205519 Reprenant la chronique en cours et jugeant, dans une maquette sommaire , de comment elle apparaîtra une fois en ligne, prenant alors une photographie de mon écran, je m'aperçois que ce qui était jouissif la nuit dernière, c'est à dire creuser des chausse-trappes de plus en plus béantes et profondes, le réglage de ces pièges donc, est, au contraire, ce soir, une occupation déplaisante et affligeante, laissant derrière elle une curieuse impression de malaise: ici une photographie de mon écran sur lequel je peux lire un passage de ma chronique et son image montrant la construction, la touche finale, en fait, de mon article à propos de la photographie numérique, article qui est, lui, déjà en ligne et apparemment lu, je me retiens in extremis de reprendre cet écran en photo, d'une part parce que je suis sûr que tout le monde a compris ce qui était en jeu ici et d'autre part aussi parce que je ne suis pas certain au contraire de vouloir aller beaucoup plus loin moi-même, dans cette voie incertaine et probablement stérile, est-ce que déjà le fait de voir apparaître cet article dont je revois encore certains passages au brouillon, de le voir apparaître donc, en ligne, est-ce que cela n'est pas, donc, déjà, donc, en soi, donc, une manière de miracle et de mise en abyme, et n'est-ce pas suffisant?

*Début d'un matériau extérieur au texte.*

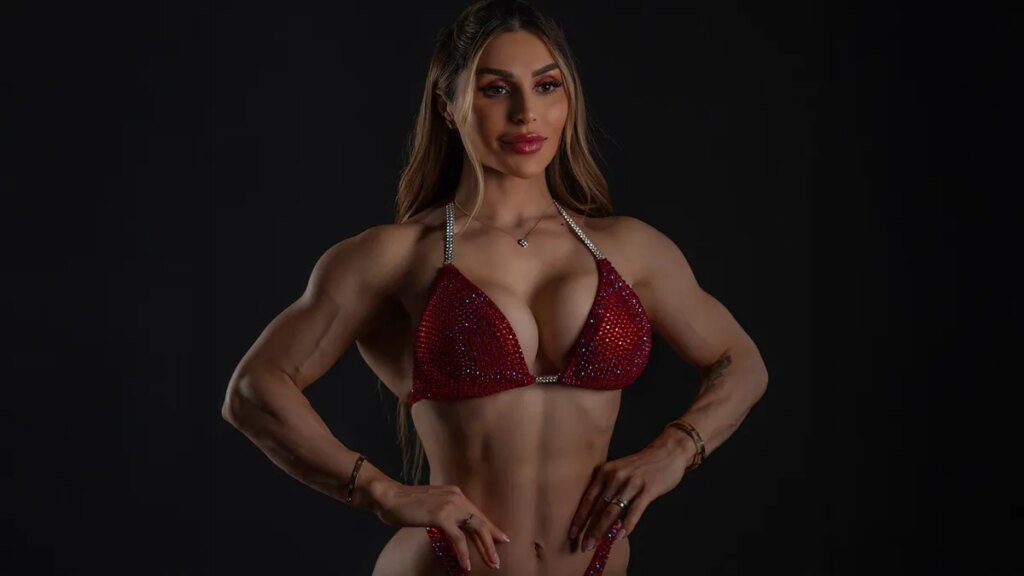 Žena stoji na bini i blista u bikiniju ukrašenom kristalima. Njena preplanula, sjajna koža ističe svaki jasno definisan mišić – rezultat sati proveden

Article Internet Mise en abyme Brouillon

 

 

 

211203 Reportant de nouvelles corrections au texte, je tombe sur les notes et le croquis que j'avais fait de mon stylo posé à côté d'une photographie le représentant posé sur un tas de feuillets de notes déjà tapées. De fait je pose derechef mon stylo sur ces notes, comme en fait je m'étais promis de le faire plus tôt tandis que l'appareil n'était pas à portée de main, et je prends une photographie sur laquelle, en déclenchant, je réalise que non seulement le stylo est en compagnie de sa représentation, mais qu'il figure maintenant sur une représentation de sa représentation à quelques encablures seulement du croquis qui prend note de cette idée. Présents sur un même plan se retrouvent donc, l'objet, l'idée et sa représentation, et aussi un peu du temps qui passe entre ces différentes étapes, du moins l'espère-t-on.

Mise en abyme

 

 

 

211517 Et prenant note de tout cela, je remarque que ces lignes manuscrites (paragraphe plus haut) voisinent, elles, l'image du paragraphe suivant (paragraphe plus bas) qui naturellement, pour mon plus grand emprisonnement, celui de mon esprit tout du moins, avoisinent une photographie de lignes manuscrites et fastidieuses. JE VOUS FAIS UN DESSIN?

Photographie Dessin

 

 

212221 Je dois laisser de côté quelques instants la journée et sa documentation servile, pressé que je suis de faire quelques corrections urgentes sur le site du Désordre, sempiternelles modifications, parfois une simple faute d'orthographe, ici une coquille, une faute de frappe, un lien brisé, une image manquante, une imprécision, une erreur, un effet de mise en page qui a sauté, un extrait de code qui déconne, pas d'extrait de cône qui décode, une information obsolète, une idée qui n'est plus bonne : veiller à l'intégrité des cinq mille et quelques fichiers qui composent le site, une tâche qui ressemble fort à faire le ménage dans une vaste demeure, quand on a fini de dépoussiérer la dernière pièce, il est temps de passer à nouveau le balai dans la première des pièces, par laquelle on avait commencé, dans le cas de mon site, les dimensions de la demeure ne cessent de croître, ce qui provoque mon essouflflement parfois, ce soir une vingtaine de fichiers sont à reprendre, ce n'est pas la mort, j'en ai fait la liste.

Coquilles Désordre Corrections

 

 

 

213408 La page des "je me souviens" inspirés par Georges Perec et Joe Brainard , c'est l'une des toutes premières pages dont j'ai eu l'idée pour le site et c'est sans doute celle qui me donne encore le plus de plaisir aujourd'hui, je n'aime rien tant que de recevoir de temps en temps ces quelques "je me souviens" par mail et de les ajouter au bas de cette page, à la suite des lignes précédentes.

Je me souviens de cette monitrice ivre qui fêtait la fin de cette colonie de vacances; je la regardais pisser. Je crois que je ne comprenais pas ce que je voyais. Pourtant je comprenais "femme", "pisser", et peut-être même "ivre". (Et dire que celui-là n'aime pas du tout Perec!)